Should I Block ICMP?

99 comments

·May 21, 2025

protocolture

ISP: No you should definitely have ICMP available for testing.

SAAS Engineer: Leave it on so I can tell when your shit goes down without having to consult your service status page.

Sysadmin: I really dont care what you do, just enable it when you raise a complaint with your ISP so they can tell you what you broke.

Residential: Your TP Link hyper dreadnought super hawk that is taking up every inch of the 5ghz indoor spectrum in your home is probably already blocking icmp for you. Its probably also already part of a botnet. YMMV.

wahern

> Sysadmin: I really dont care what you do

Dropping ICMP breaks path MTU discovery (PMTU). It's the biggest reason why sites break when accessed (or served) over VPNs. This is often mitigated on the server, or in NAT-ing routers, by clamping TCP MSS, but that doesn't really resolve the problem. It doesn't fix it for UDP, nor likely for double VPN scenarios, etc, plus you're just losing bandwidth that way.

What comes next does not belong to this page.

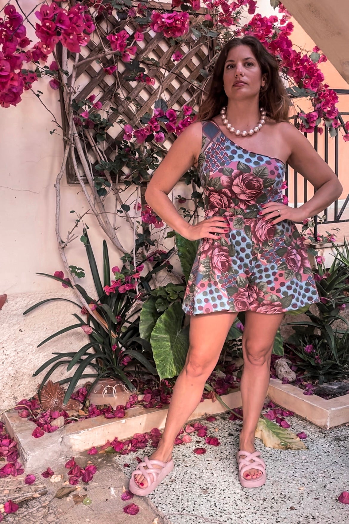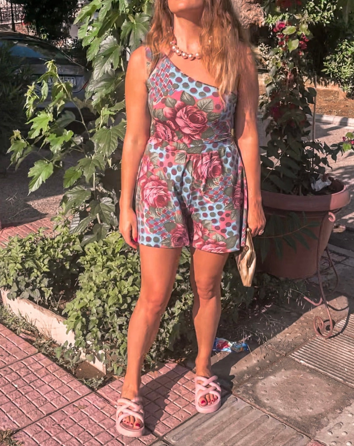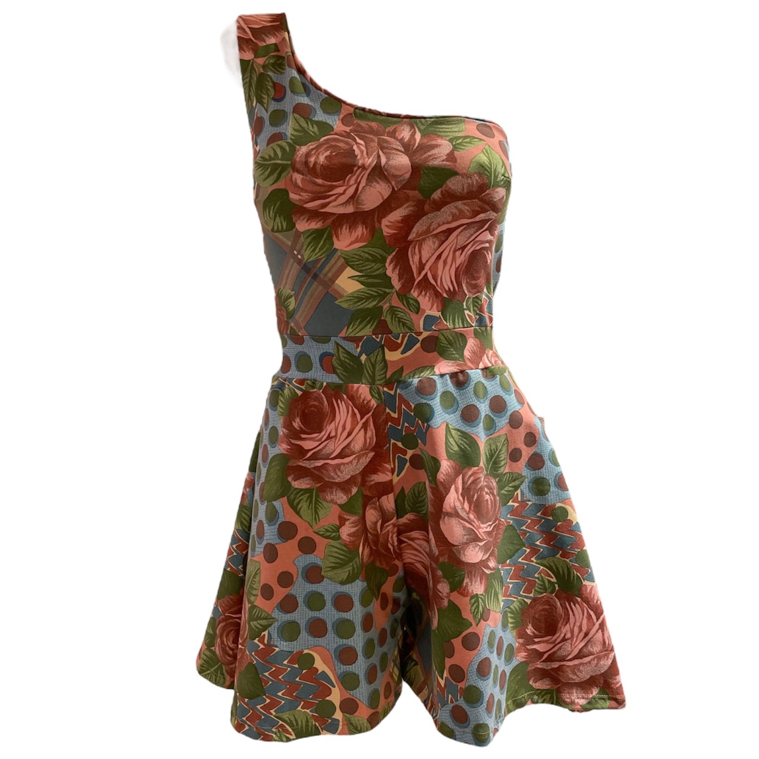 Strut your stuff in style with the Dassia Playsuit! Made of cotton lycra, this one-shoulder beauty has roses and polka patterns in grey blue and pink colors for a look that'll have heads turning. Perfect for a night out, or just when you feel like being extra fashionable! (It'll be a "polkadot on the i" moment, if you know what we mean!)

Some people make fatalistic arguments that even if they allow ICMP, something downstream may not have, so it's futile. But the networks in the middle rarely if ever block ICMP; those engineers know better. The real issue is on the ends. If you're a sysadmin dropping ICMP, you're half the problem. Fix ICMP on your end, and half the problem goes away. The other half of the problem are those NAT-ing routers, firewalls, and VPNs that don't handle ICMP properly. You can't fix those, but plenty of residential and commercial equipment on the other end, as well as VPN setups, actually do the right thing. Don't make perfect the enemy of better.

protocolture

You are absolutely correct, but also, I am already having to clamp MTU for most business customers anyway, for a hundred reasons.

The issue is that sysadmins make this the ISP's issue anyway. They wont do any kind of investigation but simply yell at the telco. Telcos are ready willing and able to clamp. Its as natural as breathing at this point.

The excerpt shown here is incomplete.